Lastly, we sought to identify which brain proteins with altered levels in the acute phase following WBRT still had altered levels many months after exposure and therefore might be participating in, or correlated with, long-term phenotypic changes in the brain following WBRT. At 1 year following WBRT, Mapt, Mog, Snap25, and Dnm1 were found to have expression levels that did not revert back to baseline over time, suggesting that a few key proteins may participate in driving late radiation effects in the brain. Mapt is believed to colocalize with THOP1 in neurofibrillary tangles.[54] Mog (myelin oligodendrocyte glycoprotein) is associated with the structural integrity of myelin,[55] and Snap25 controls exocytosis of synaptic vesicles.[56] Dnm1 (dynamin 1) is a GTPase responsible for endocytosis inside the cell,[57] and in Huntington’s disease it is localized inside perinuclear inclusions along with other molecules like Hsp 70, cathepsin D, synuclein, huntingtin, Hsp 40, and Atp synthase.[58]
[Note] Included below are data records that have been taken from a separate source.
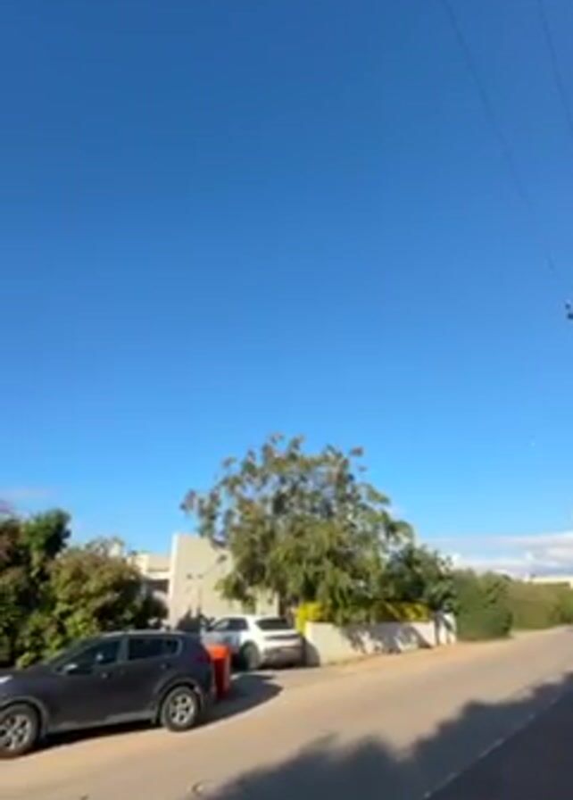suburban street on a bright, sunny day with a clear blue sky. There are several parked cars on the left side of the street, including a dark gray SUV and a white SUV. The street is paved and has sidewalks on either side. There are trees and bushes lining the street, and some houses are visible behind the greenery. Power lines run overhead. The camera pans slowly to the left, capturing more of the street and the surrounding houses.
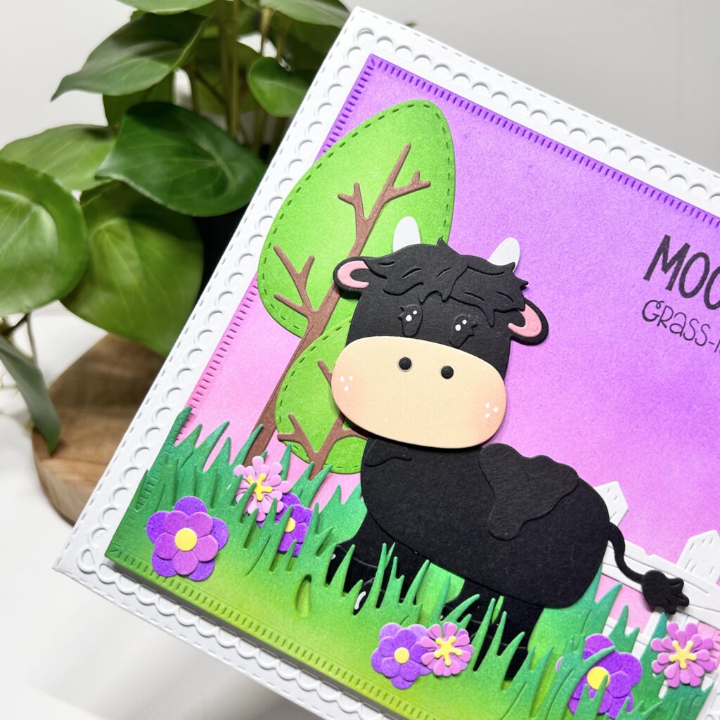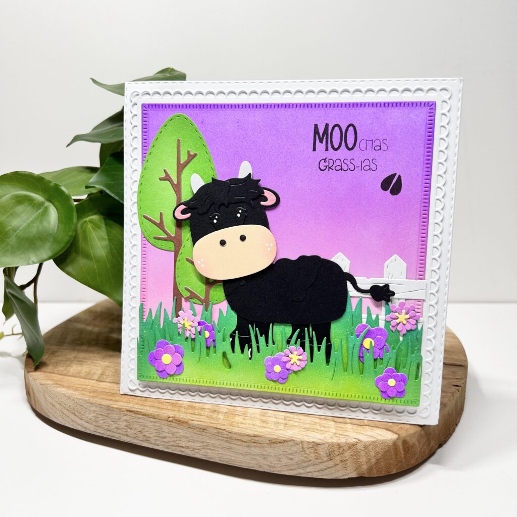 Behalve een koe en een schotse hooglander kun je van Betty ook een stier maken zoals Myrthe op haar kaart laat zien. Door Betty uit zwart te stansen krijg je al direct een heel andere uitstraling. Ook Myrthe heeft op haar kaart de nieuwe bomen en het nieuwe gras gebruikt. De stier ziet er zo heel schattig uit maar hij staat voor de zekerheid toch maar achter een hek. De tekst MOOchas grass-ias zit ook in de nieuwe stempelset holy cow. Myrthe heeft het gras en de bomen op kleur gemaakt met de nieuwe CraftLab inkten.
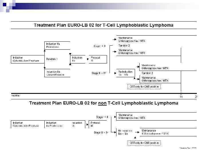 Принципы терапии НХЛ n Лимфобластные лимфомы ¨ Длительный непрерывный курс терапии (как при ОЛЛ) с включением ГКС, винкристини, циклофосана, метотрексата, длительность 24 месяца ¨ Базовый препарат – антрациклны ¨ Непрерываная поддерживающая терапия ¨ Интенсивность инициальной фазы определяется стадией НХЛ ¨ Профилактика поражения ЦНС: люмбальные пункции +/- краниальное облучение Самочатова Е. В. , 2004
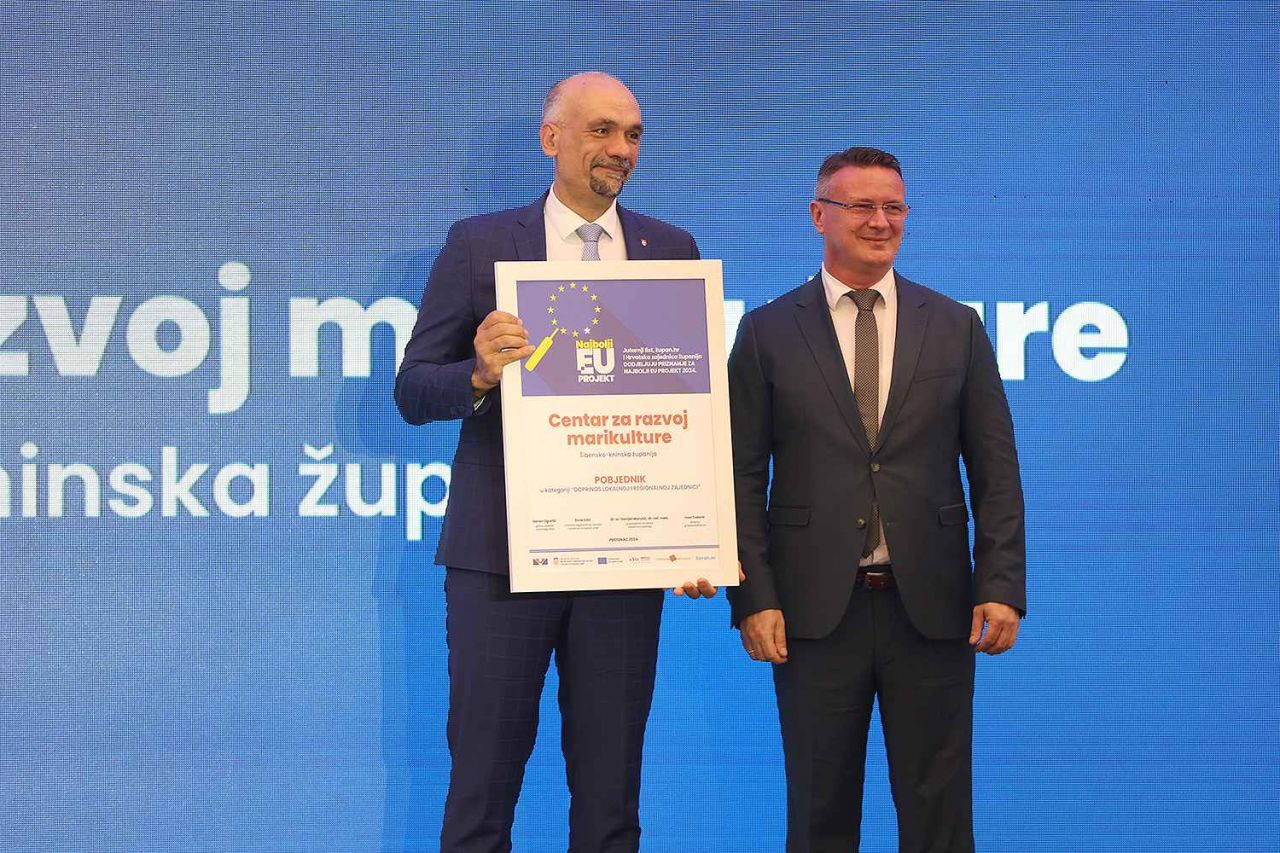 Projekt izgradnje i opremanja „Centra za razvoj marikulture“ proglašen je pobjednikom u svojoj kategoriji, a plaketu za osvojeno prvo mjesto uime Šibensko-kninske županije preuzeo je župan, dr. sc. Marko Jelić.
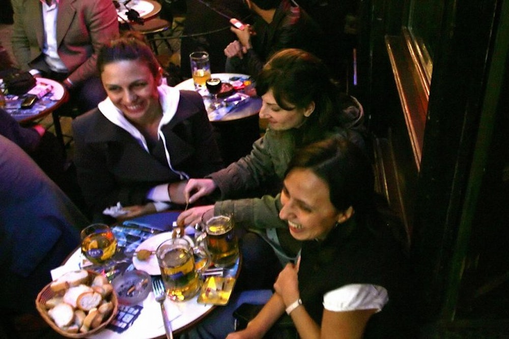 Feeling uneasy, aware suddenly of how the world was both big and very small, I squirmed as a new crowd of men closed in. With none of the rolled-out-bed flair of the hipsters surrounding us, these new guys looked hungry, maybe angry. They were not here for the book party. I imagined their father and grandfathers beating Greek people to death. Yet, when one saw me staring, he began to make up a wrap from his heavily piled plate, stuffing a lettuce leaf with red paste, and he did it with such bonhomie that I felt like I couldn't refuse. Eating, I found the concoction too fiery so I drank instead, learning later—suffering—that I'd eaten raw meat.
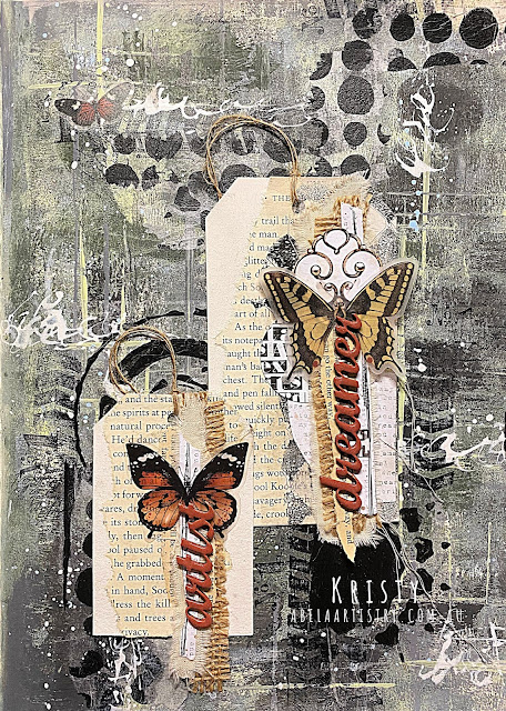 In the background I started with layers my favourite chalk based paints with a brayer. I then used an old store card to create some vertical and horizontal lines. Along those lines I used a fine tip applicator with white acrylic to add some random scribble text.
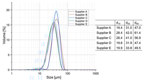 All powders were characterized by a Gaussian-like particle size distribution. Differences concerning the d10, d50, and d90 values were noticeable as depicted in Figure 3. Suppliers A, D, and E exhibit a decreased particle size distribution (d50) of approx. 10 µm in contrast to the powder provided by suppliers B and C. Furthermore, a multimodal particle size distribution was visible with an increased volume at 8–10 µm and 10–15 µm at powders C and D, respectively.
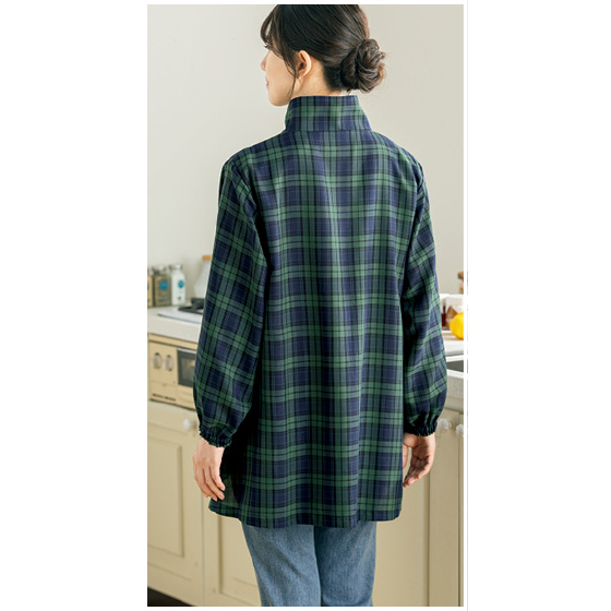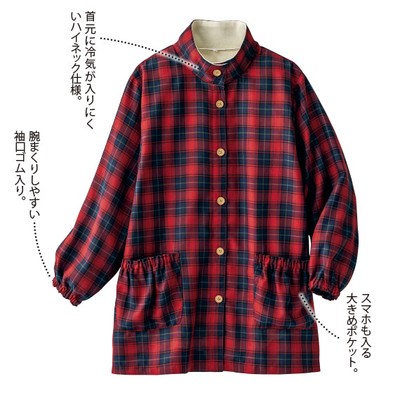 立ち襟で首元も暖かくて台所仕事にとても助かっています。お値段も手ごろでとても助かります。ただ私には少し大きすぎました。Mサイズがあればと思います。また手首が少し大きくゆるいので袖をまくり上げて水仕事するときに不自由です。ゴムの差し替えができる入り口があればと思います。色についてですが以前のようにベージュ色のものもあればと思います。グリーンは暗い感じがします。また赤色は年齢的にどうかとためらうことです。ボタンもファスナーだったら脱ぎ着が早くでき助かるかと。色々と申し訳ありません。
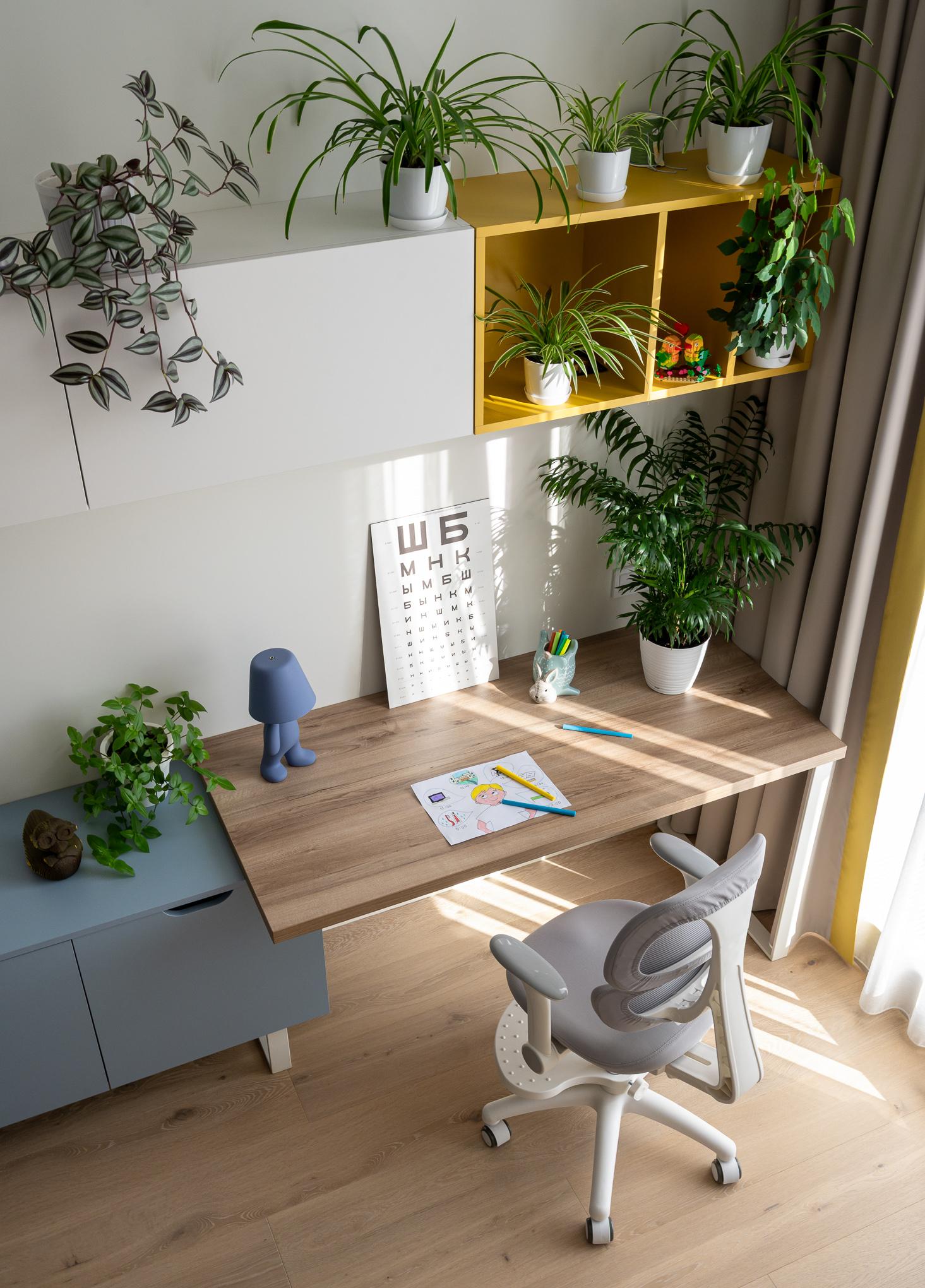 Мои заказчики — молодая семья с ребенком 10 лет. Хозяин работает в IT, а хозяйка — керамистка, создает украшения ручной работы. У них есть милая кошка (ей уже 18 лет!) и волнистый попугай Лимончик, которого научили парочке фраз. Интерьер мы создавали как спокойный фон для жизни и творчества: мягкие природные оттенки, тактильные материалы, продуманная до мелочей планировка — было очень важно объединить эстетику ручной работы, технологичность и ощущение домашнего уюта.

While these protein signatures require confirmation in human brain samples, these data represent an important first step in understanding the mechanisms behind acute and long-term changes in the brain following therapeutic radiation exposure and suggest a potentially critical role of Sirt2 in this process. Our investigation has revealed that long-term sequelae of CNS-induced radiation changes are likely not the result of a single disease process, such as the canonical Alzheimer’s signaling pathway, but instead are the consequence of disruptions in multiple neurodegenerative pathways, suggesting novel avenues to explore toxicity mitigation.